(Dataset content begins)

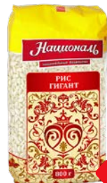
Рис НАЦИОНАЛЬ , Гигант, 800 г
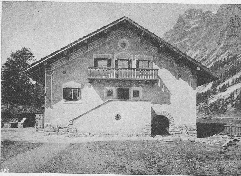
Abb. 4. Ostfront des Ferienhauses Bartuns am Silsersee, Engadin.

Im Erdgeschoss, 2,30 m über dem umgebenden Gelände, liegt gegen Süden ein Wohnraum mit Kamin-Nische, ganz in feinjähigem Lärchenholz ausgeführt (Tafel 2 und Grundriss), daneben Küche, ein Schlafzimmer und zwei Aborte; darüber im Obergeschoss ein grösserer und zwei kleinere Schlafräume und ein Badezimmer. Die Zwickelräume des Satteldaches sind für Schränke u. drgl. ausgenutzt. Im Ganzen bietet das Haus Raum für acht Betten. Im Untergeschoss sind Keller und Zentralheizung unter dem Wohnraum, auf der andern Seite ein geräumiges Boothaus für eine Segelboot, ein Ruderboot und eine Jolle, mit Aufzug-Vorrichtung für die Boote, eingebaut, sodass auch für den Wassersport alles Nötige vorhanden ist. Der über 4 km lange Silsersee eignet sich, im Gegensatz zu den meisten Gebirgseen, seiner stetigen Winde wegen, recht gut zum Segeln, sodass die Lage dieses Ferienhauses eine in jeder Beziehung ideale genannt werden muss.
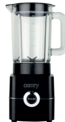
Blender CR 4050
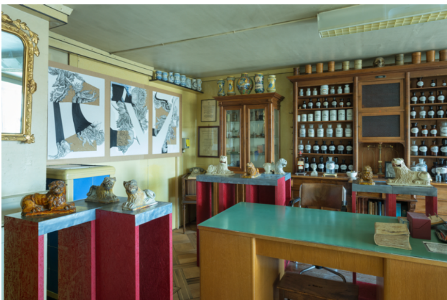
Das zur «Löwen-Apotheke» umgestaltete Sprechzimmer.
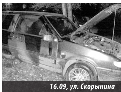
16.09, ул. Скорынина

ло сообщение о возгорании легкового автомобиля по ул. Скорынина. По приезду пожарных было обнаружено, что собственник автомашины с пожаром справился самостоятельно, потушив его подручными средствами на площади 1 кв. м. В результате пожара автомобиль пострадал незначительно. Предполагаемая причина пожара — поджог, ущерб устанавливается.
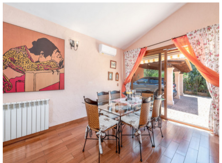
Essbereich mit Zugang nach Außen

Alle Angaben nach bestem Wissen. Irrtum und Zwischenverkauf vorbehalten. Dieses Exposé ist eine Vorinformation, als Rechtsgrundlage gilt allein der notariell abgeschlossene Kaufvertrag.
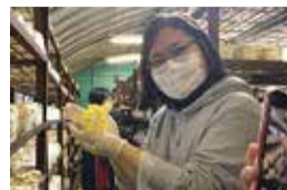
きのこの収穫体験中
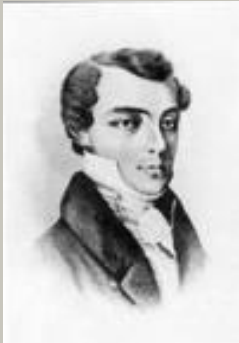
К. Ф. Рылов
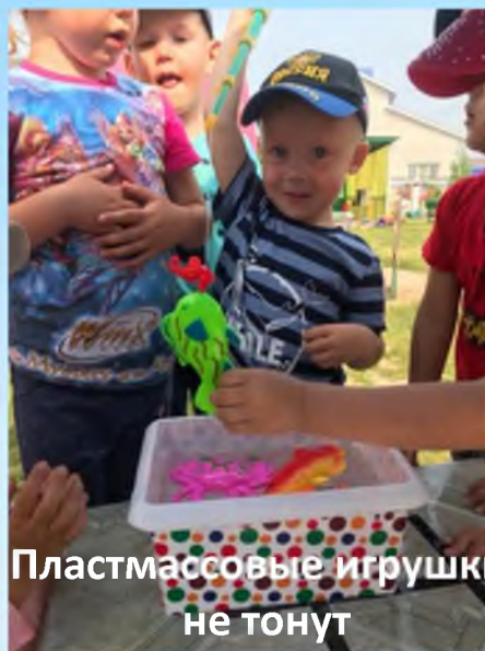
Пластмассовые игрушки не тонут
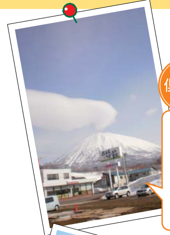
羊蹄山 「観光客を魅了する蝦夷富士は、地元の人にとっては、ふるさとの象徴であり、心のよりどころ。写真は北海道うまいもの農園倶知安店の新駐車場からの眺めです」
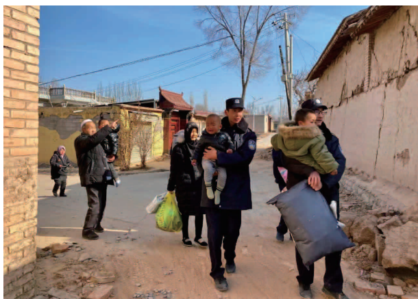
组织突击队奔赴积石山参与抗震救灾

员 280 名。全县共划分警务区 75 个、配备社区民警 189 名，社区警务辅助人员 261 名，建立警务室 42 个，“一村一警”实现了全覆盖。26 个智慧安防小区建设项目全面建成并纳入公安视综平台。刑事科学技术室一期和物证保管室、网安作战室等一批项目相继建成，有力支撑了公安工作需要。
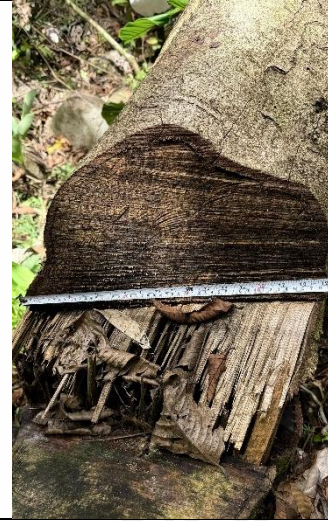
Imagen 2. Tocón encontrado
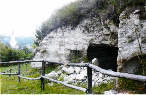
Cserépfalvai barlangüregek és a környék

lent, amely horzsakövet is tartalmaz. Keletkezése a heves robbanásos kitörések vagy vulkánösszeomlások során kialakuló rendkívül magas hőmérsékletű izzó hamufelhőkhez kötődik, amelyek lejtőirányba igen nagy sebességgel mozognak, s mint egy pokoli izzó áradat, mindent letarolnak és megsemmisítenek, ami az útjukba kerül. A hamufelhő anyaga végül nagy területeket befedve, tufaszőnyeget alkotva ülepedik le, amely aztán többé-kevésbé – általában kevésbé – összesül.
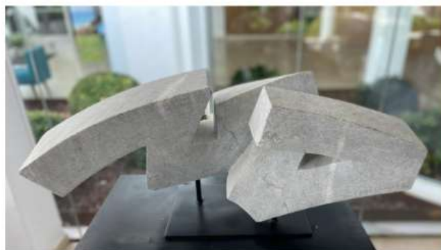
Horizonte Construido 35 x 73 x 30 cm 3 250€
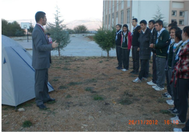
Çadır kurmanın yöntemini ve tekniğini öğrendik. İyi gerdirilen bir çadır, konforlu bir kamp uykusu demektir.
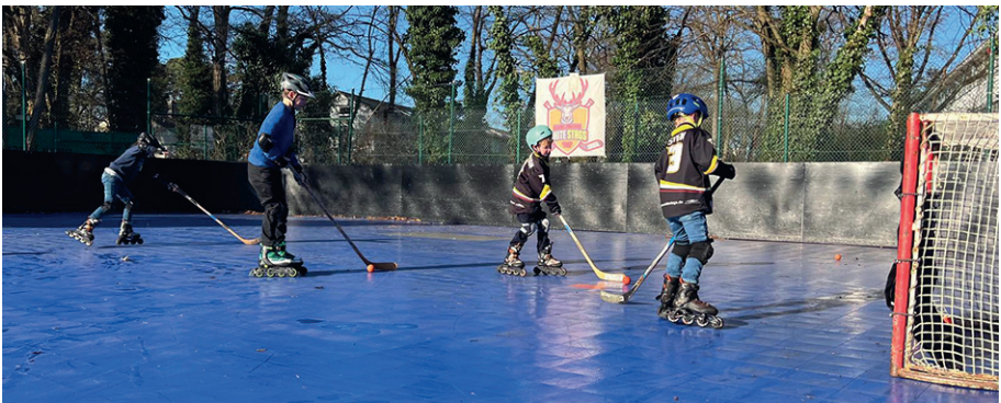
Unsere Nachwuchsspieler*innen zeigen vollen Einsatz beim Training
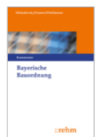
Molodovsky/Famer Bayerische Bauordnung
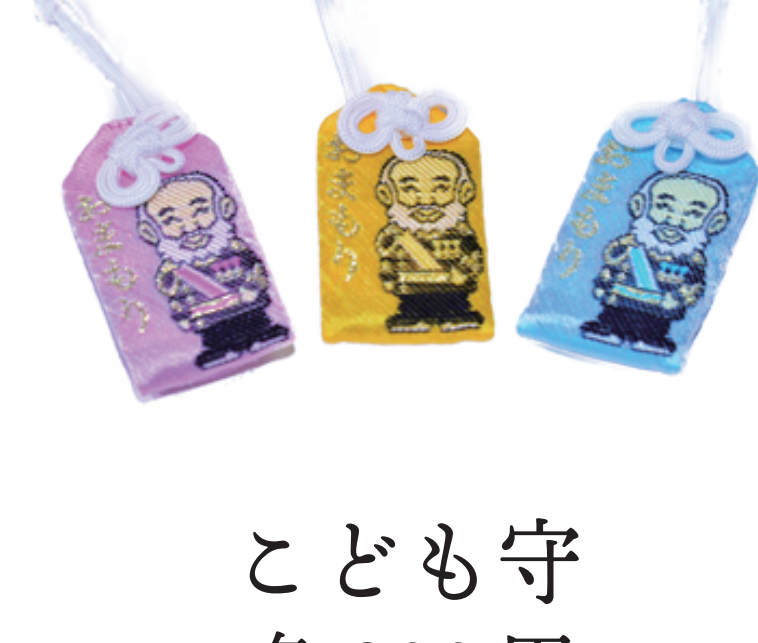
こども守 各 800 円

古来より梅の花の強い香りは 邪気を祓うとされてきました。 新春限定で鳩居堂謹製の馨しい 梅のお香を詰めた梅香守を頒布しております。
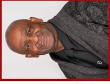
Rdl John Fredericks Mayco: Korporatiewe & Finansiële Dienste PV (VF+)
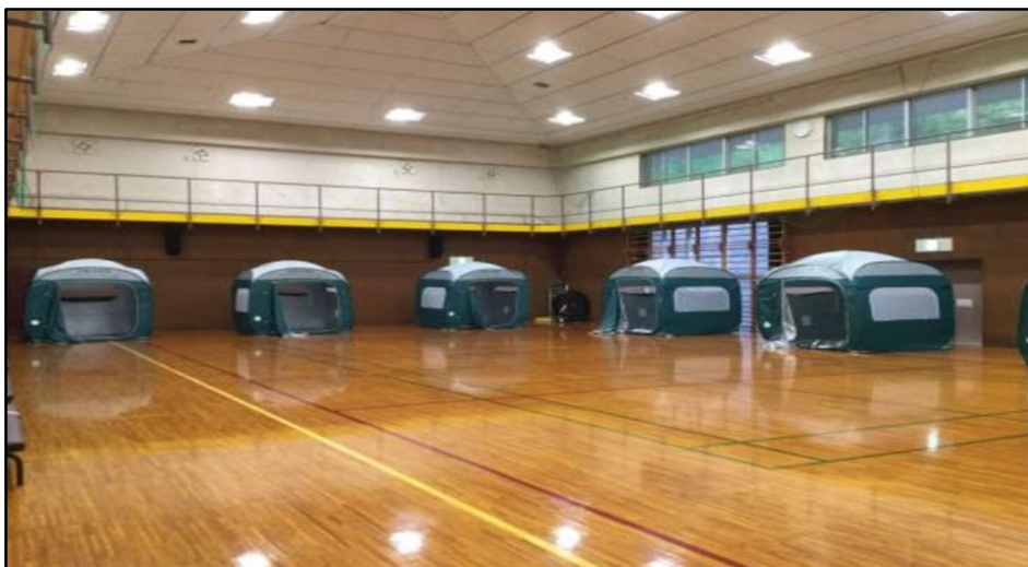
(避難所として開設される鴨居コミュニティセンター：市 HP より)

(5) 前各号に掲げるもののほか、実際生活に即する教育、学術及び文化に関する各種の事業を行い、生活文化の振興、福祉の増進に寄与すること。
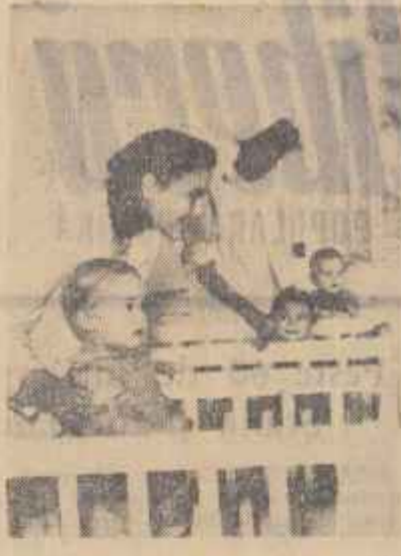
În patria noastră copiii sunt înconjurați cu multă grijă și dragoste. Pentru sănătatea și educația lor statul democrat-popular cheltuiește mari sume de bani...
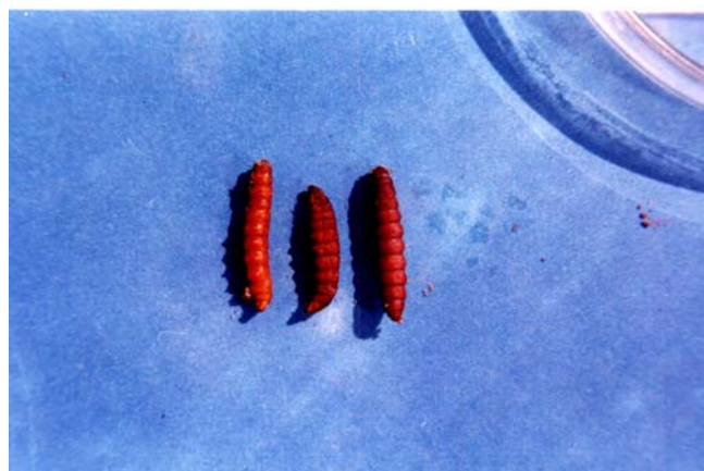
شکل ۱- لاروهای پارازیت شده پروانه موم خوار توسط نماتد H. bacteriophora

۲۳(۱۸)، عرض نماتد نر = (۳۸-۴۶) ۴۳ میکرومتر.
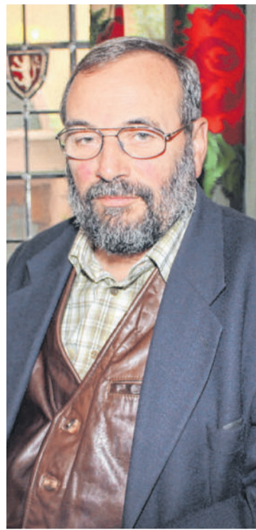
Georg Grabherr: Er liebte Natur, Blumen und Menschen. VN

Grabherr wurde für sein Wirken hoch ausgezeichnet. Er erhielt 2011 den Österreichischen Naturschutzpreis. 2013 wurde er vom Klub der Bildungs- und Wissenschaftsjournalisten Österreichs als erster Botaniker zum Wissenschaftler des Jahres 2012 ernannt. 2013 erhielt er auch den Vorarlberger Wissenschaftspreis sowie das Österreichische
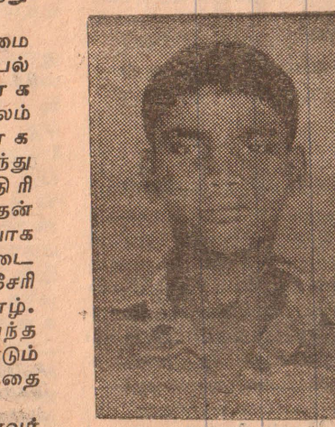
வீரவேங்கை இசையாளன் / சமன்

பாடசாலை மாணவர்கள், மற்றும் பாதிக்கப்பட்ட மாணவர்களின் பெற்றோர் கலந்து கொள்ளவுள்ளனர். எதிர்வரும் வியாழக்கிழமை கலை 9 மணிக்கு யாழ். பல்கலைக் கழகம் முன்பாக ஆரம்பமாகும் இவ் ஊர்வலம் சிவன்கோவில் வீதியூடாக கோவில் வீதியை அடைந்து அதன் வழியே ஆஸ்பத்திரி வீதியை வந்தடைந்து அதன் வழியாக கண்டி வீதி வழியாக யாழ். செயலகத்தை வந்தடையும் அங்கிருந்து கச்சேரி நல்லூர் வீதி வழியாக யாழ். கல்வித்திணைக்கழகத்தை வந்தடைந்து அங்கிருந்து மீண்டும் யாழ். பல்கலைக் கழகத்தை சென்றடையவுள்ளது.
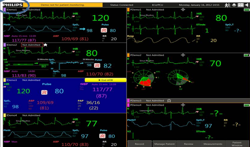
Figur 1 - Placering af Philips-vandmærket

PIIC iX version A.XX - Identificer det berørte produkt ved at klikke på Philips-vandmærket på PIIC iX-overvågningsskærbilledet. Se figur 1. Dette vil fremkalde produktsupportsiden. Softwareversionen har den release, som produktet kører. Se figur 2.
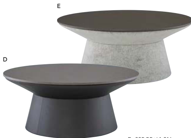
D. 88R BR: L1-216 E. 88R GY: 48-6009
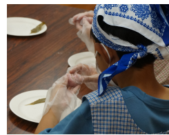
■さくら餅づくり体験
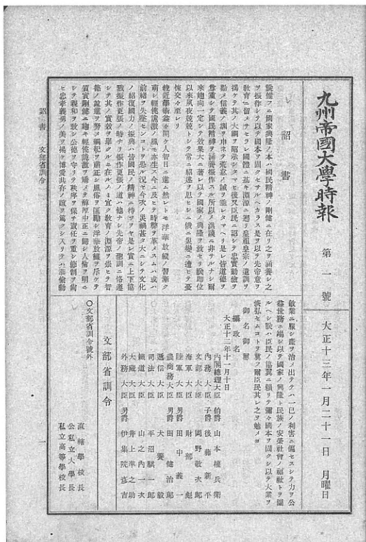
『九州帝国大学時報』第1号

印刷所はしばらくのあいだ工学部の製版室を利用することとし、1922年(大正11)3月までに準備を整え、4月から印刷の業務を開始した。当初の計画では、1921年(大正10)から1922年(大正12)の3か年で活版印刷器械等の器械を買い入れ完成を
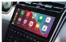
Écran Tactile 10,25 Pouces Avec Façade Centrale Entièrement Tactile
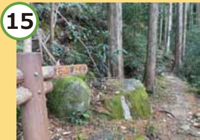
便石山頂上まであと 45 分。
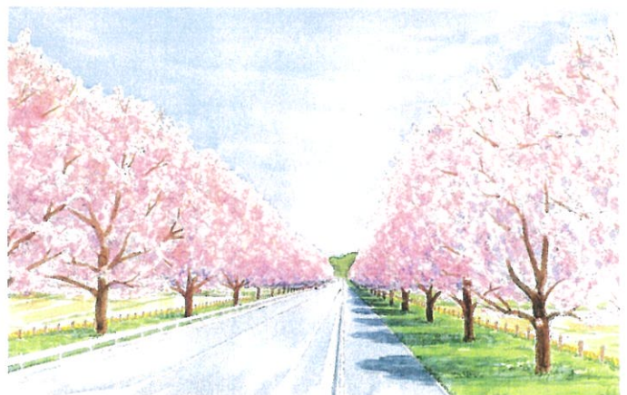
新早乙女桜並木イメージ
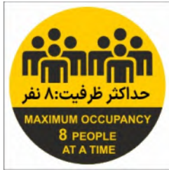
82061-Fa.En PVC ML LB PS BN 10×10 15×15 21×21 30×30 45×45 60×60
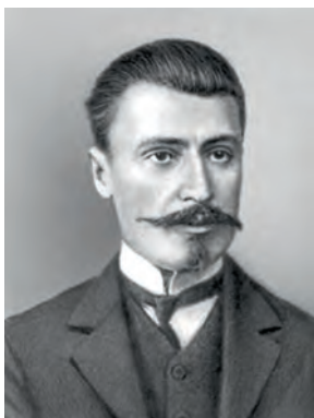
И. Г. Церетели
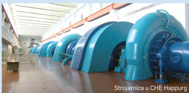
Strojarnica u CHE Happurg

Uniper Kraftwerke planira ponovno pokrenuti CHE Happurg, što zahtijeva opsežne mjere revitalizacije. Nakon
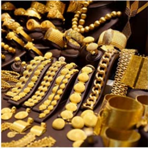
Popular News Journal

သင်္ကြန်ကာလအပြီး ပြန်လည်ဖွင့်လှစ်ခဲ့သည့် ရန်ကုန်ရွှေဈေးကွက်အတွင်းရှိ ဈေးနှုန်းများမှာ အမြင့်ပိုင်းတွင်သာ ဆက်လက်ရပ်တည်နေဆဲဖြစ်ကြောင်း ရန်ကုန်တိုင်းရွှေလုပ်ငန်းရှင်များအသင်းမှ ဖော်ပြထားသည့် ဈေးနှုန်းများအရ သိရသည်။
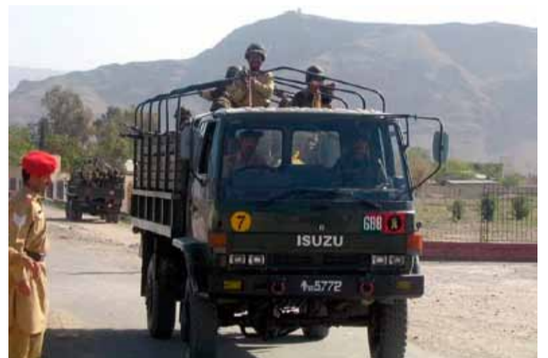
Explosión. Sacudió una zona fronteriza

El BLA y otros grupos separatistas dirigen sus ataques principalmente contra las fuerzas de seguridad, puesto que acusan a Islamabad de explotar los ricos recursos minerales de la región, sin que sus ciudadanos apenas perciban beneficios.///
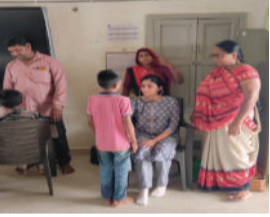
વડેરા અને વડેરા પ્રાથમિક શાળામાં ધોરણ ૫ અને ૧૦ માં અભ્યાસ કરતા વિદ્યાર્થીઓને ટીડી (ધનુર અને ડિસ્થેરિયા) ની રસી આપવામાં આવી હતી. આ રસીકરણ કાર્યક્રમને સફળ બનાવવા માટે અમરેલી આર.બી.એસ.કે. ટીમ અને વડેરા
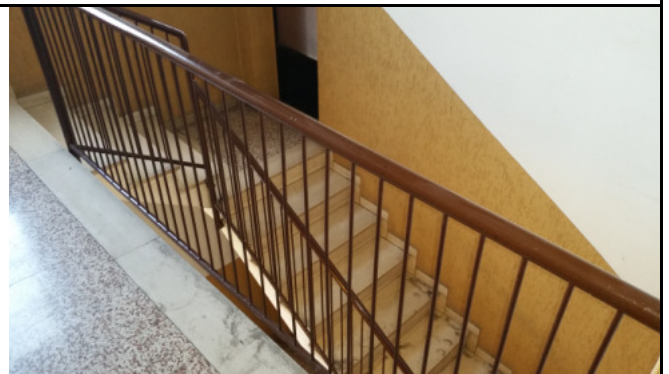
Immobilie di via VIII marzo Limbiate (MB) - vano scala "A"
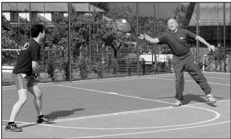
Zástupci Annabergu-Buchholze při tenise v rámci trojboje.

Nyní už je celý areál plně k dispozici veřejnosti, a to nejen obyvatelům města, ale díky propojení s prostorem Kamencového jezera také rekreativům. Provoz ovšem nebude celoroční, ale počítá se s ním zhruba od začátku dubna do konce října. V tomto období bude na areál dohlížet správce, který bude současně vyřizovat pronájmy jednotlivých ploch i půjčovat sportovní náčiní. Například hodinová sazba na pronájem nového velkého hřiště je ve všední den do 15. hodiny 120 Kč, po ní o 20 Kč víc, streetballové hřiště ve stejné době stojí 80, respektive 100 Kč. Za půjčení tenisové rakety se platí 30 Kč, basketbalové míče jsou k dispozici zdarma, platí se jen záloha. Někteří sportovci už nyní nabízených služeb využívají. „Současné počasí i předpověď na další dny jsou příznivé, ale protože veřejnost o novém sportovišti moc neví, není zatím patřičně vytiženo. Věřím, že postupně si sem najde cestu daleko víc příznivců pohybu,“ vyjádřila přesvědčení Jitka Fischerová.

(Dataset content ends)

**Task statement**.
Your answer should be the lines above, word for word, from the line with "Abb. 4. Ostfront" through the line with "16.09, ул. Скорынина", minus the pictures.

**Solution for this problem**.
Abb. 4. Ostfront des Ferienhauses Bartuns am Silsersee, Engadin.

Im Erdgeschoss, 2,30 m über dem umgebenden Gelände, liegt gegen Süden ein Wohnraum mit Kamin-Nische, ganz in feinjähigem Lärchenholz ausgeführt (Tafel 2 und Grundriss), daneben Küche, ein Schlafzimmer und zwei Aborte; darüber im Obergeschoss ein grösserer und zwei kleinere Schlafräume und ein Badezimmer. Die Zwickelräume des Satteldaches sind für Schränke u. drgl. ausgenutzt. Im Ganzen bietet das Haus Raum für acht Betten. Im Untergeschoss sind Keller und Zentralheizung unter dem Wohnraum, auf der andern Seite ein geräumiges Boothaus für eine Segelboot, ein Ruderboot und eine Jolle, mit Aufzug-Vorrichtung für die Boote, eingebaut, sodass auch für den Wassersport alles Nötige vorhanden ist. Der über 4 km lange Silsersee eignet sich, im Gegensatz zu den meisten Gebirgseen, seiner stetigen Winde wegen, recht gut zum Segeln, sodass die Lage dieses Ferienhauses eine in jeder Beziehung ideale genannt werden muss.
Blender CR 4050
Das zur «Löwen-Apotheke» umgestaltete Sprechzimmer.
16.09, ул. Скорынина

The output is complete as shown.